Zhao nodded and yelled back, “They’ll be returned to you at the appropriate time.”
They suspect me too, Chen thought with dread.
He’d been ready to accept death hours ago, but now he very much wanted to live. And to do so, he had to persuade Bo Jintao that he wasn’t a threat. Chen boarded the helicopter, a chill sinking into him from more than the rain. Zhao boarded after him, and then they were aloft.
From the air Chen got his first look at Shanghai. Then he understood.
They flew through the urban canyons between lifeless skyscrapers, their escort helicopters flanking them. The city was a wasteland. Where there should have been light, there was darkness. A dim flicker of candles or flashlights shone in some windows. Down below, on the streets, there were fires. The immobile hulks of cars littered the roads. Water flowed around them. Soldiers manned checkpoints, directed spotlights from place to place. As they passed over an expensive block an explosion sounded, and then the sharp report of automatic weapons.
He saw people in the street, a mob of them pressing against a store front. Looters. The mob moved forward, and from the doorway he saw the flare of gunfire.
Then the chopper was past and he lost sight of them.
Face pale, Chen turned to Zhao next to him. “What happened?”
“The most damaging cyber-attack of all time, Professor. It disabled the on-board computers of hundreds of thousands of cars, sent electrical surges that destroyed hundreds of power substations, knocked out the trains, the ferry terminal, the public safety surveillance systems. Even the sewers. The intelligent water routing that separates waste water and rainwater has failed, and so now we have raw sewage flooding the streets.”

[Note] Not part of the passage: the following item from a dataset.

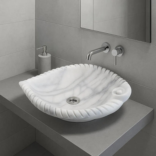 🌟 Luxury Marble Sink – Hand-Carved Shell-Shape Stone Basin Give your bathroom a timeless, elevated look with this handcrafted natural marble sink, shaped like an elegant seashell. Carved from a...

Chen couldn’t breathe. Could Su-Yong have done this?
“My daughter?” he asked.
“Safe,” Zhao said. “We have men with her.”
Chen nodded.
“Deaths?” he asked.
“Hundreds so far,” Zhao said. “Car crashes. Fires. We have thousands trapped in subways that are filling up with water. And violence. People know the delivery trucks will not be running tomorrow. So they loot the stores, steal from each other. Billions of yuan of damage, at least.”